Wednesday, 5 January 2011

Hollywood Babble On & On #656: Stupidity Doesn't Sell Anymore?

Welcome to the show folks...

A tip of my jaunty sombrero to reader Gary T. Burnaska for this piece by the New York Times about the apparent collapse of the middlebrow movie market.

"What's the middlebrow movie market?" you ask, furrowing your own brow in a desperate attempt to understand.

According to the Oxford English Dictionary Middlebrow is: demanding, involving, or having only a moderate degree of intellectual application.

Translation of the translation:

Anything that doesn't make you think too much.

Basically it means that movies that don't make audiences think too much, like
Gulliver's Travels with Jack Black, were outperformed by more challenging and mind-bending films like Christopher Nolan's Inception, and the artsy but not quite fartsy version of Alice In Wonderland by Tim Burton.

Let's look at the reasons for this phenomenon:

1. Inconvenience/Convenience.

2. Low Bullshit Tolerance.

Now let me explain those reasons.

1. INCONVENIENCE/CONVENIENCE: Going to the movies these days are a hassle. You have to get to the theater, and to do that you have to either pay for a cab, public transit, or gas and parking for your car. Then you have to buy the ticket, and pay more if the studio decided to do the movie in 3D. (And if you have kids, just double everything and add 30.)

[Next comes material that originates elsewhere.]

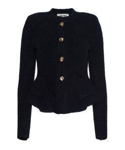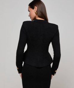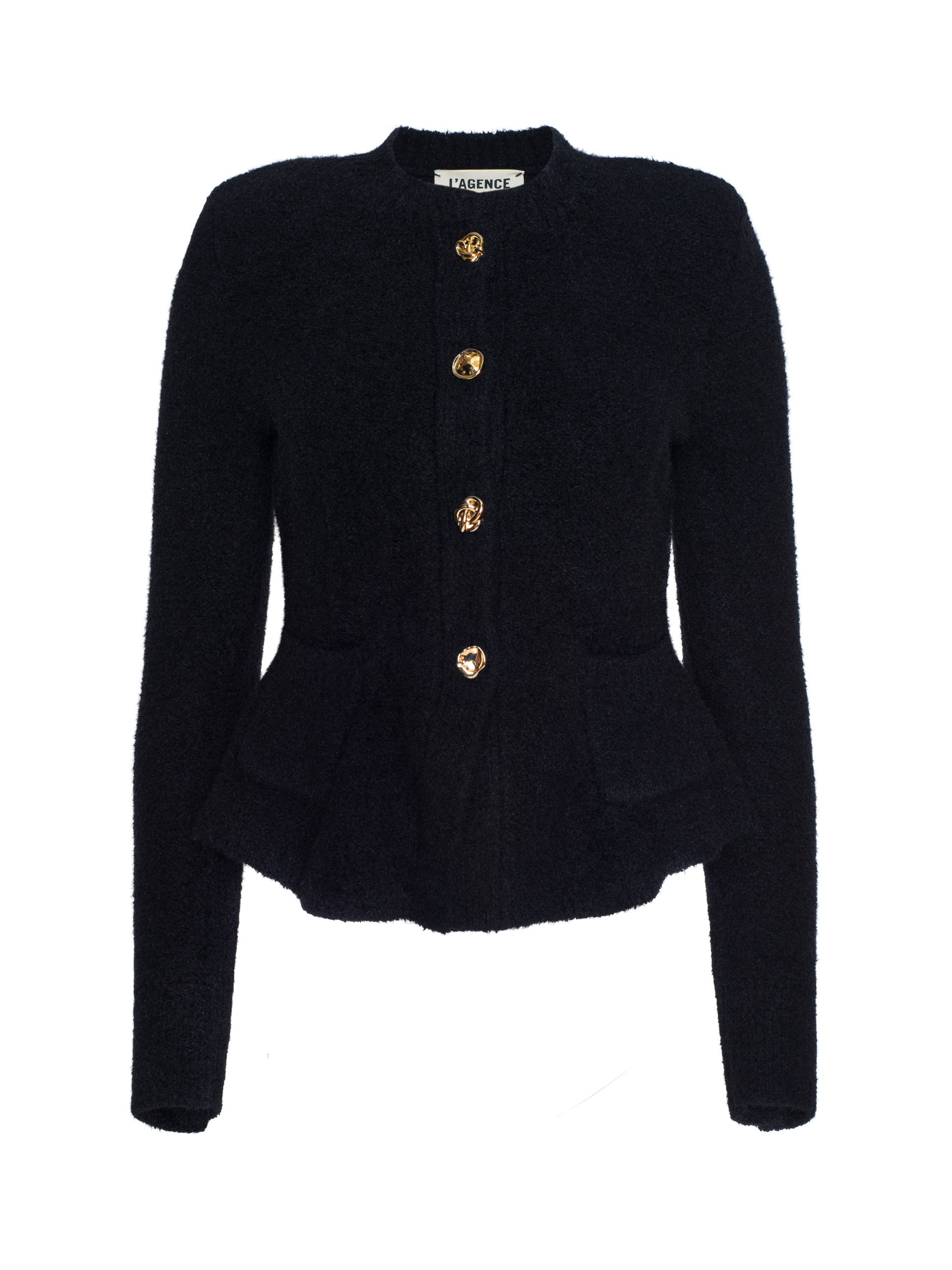 The Melissa cardigan blends soft structure with quiet elegance. Spun in a textured knit, it’s shaped with a sculpted waist and flared hem that flatters the figure. A clean neckline and graceful silhouette channels elegance with a hint of old-world charm while novel accent buttons keep it thoroughly modern. Wear with its coordinating skirt and heels for a polished head-to-toe look.

Meanwhile, these very same people can go to the neighborhood mall to buy a DVD, or get NetFlix, Pay Per View, downloads, or just plain better made television without getting off their ample backsides.

Going to a first run movie = Inconvenient.

Waiting a month or two and getting it at home for a cheaper price = Convenient.

That means that if someone is going to go
to the effort of seeing a movie in a theater, it better be worth their time. At first mindless spectacle over originality worked, look at Avatar. But the novelty wore off soon, especially after the same people bought the DVDs and suddenly realized they were watching Dances With Wolves in blue-face and stiff wooden dialogue.

If they're going to go for stupid to middlebrow, they'll do it at home. However, if the film promises something really original and challenging, they might be willing to part with their hard earned bucks.

2. Low Bullshit Tolerance: In the age of Facebook, twitter, blogs, and unprecedented interconnectedness Hollywood can't scam people into seeing something stupid. Word will get out, and people will set their keyboards aflame to, well, flame something that they think is dumb and not worth the inconvenience I just discussed. It doesn't matter how slick your commercial is, if someone's leaked the fact that your characters are annoying and your plot is insulting, folks are going to find out, and stay away.

This means that if word gets out that your movie doesn't deliver the goods, no amount of advertising will save you.

Will this mean a new wave of intelligent movies coming out of Hollywood?

Probably not. They have too much invested in stupid, and it will be tough to get them to let go, and let's not forget that middlebrow still sells pretty well overseas. That's Hollywood's golden excuse for avoiding doing any actual effort.


  1. I ask you this, when was the last time you saw a trailer to a new movie that had you going to spaztic fits because it looked so awesome?

    For me it was seeing Ace Combat Assault Horizon Debut Trailer on Youtobe, that is for a video game not a film. Movie LOTR Two Towers

    When was the last time there was a film that you just HAD TO SEE? For me Dark Knight, before that Two Towers

    I find for entertainment value the small screen is a better bet, there are more TV shows and video games coming out that are more worth my time and money. Even with my professional aspirations, I have abandoned writing movie spec scripts and moved to TV.

  2. A fundamental problem with this film business is that it has been niche marketed into a stupor. Middlebrow suggests a middle path, neither art house,such as it is today or the fantastic/cgi /video game action stuff,which a majority of critics, such as they are,hammer with ferocity.Just a reminder that middlebrow used to include performers like Louis Armstrong, Frank Sinatra,Duke Ellington,Charlie Parker, Steve Allen, Johnny Carson,the Twilight Zone,Steinbeck,Du Maurier,William Wyler, Alfred Hitchcock,Sidney Pollack, Spielberg,the Beatles,Amadeus, L.A. Confidential,and etc; etc;. Middlebrow was great stuff, Terry Teachout wrote a good piece on this in the WSJ last year. This Hollywood wants to make ,"important films", on subjects like abortion, gay rights,the U.S. military and American domestic politics. Most of what they produce , by now ,is redundant and hardly objective.Not a lot of deep thinking going on. Objectivity will set you free.Middlebrow, good middlebrow doesn't try to hammer you with its point of view, it persuades and trusts its audience. This Hollywood wants to lecture and posture. Oy.There was a time when message movies were well received by the public, In the Heat of the Night is still powerful film making with a point as is The Insider.The Oscar blog sites are a good place to experience film snobbery.Right now the succes of True Grit might be problematic for them because it was directed by those auteurs du jour, zee Coens and OMG the damn movie is making money, how declasse can that be!!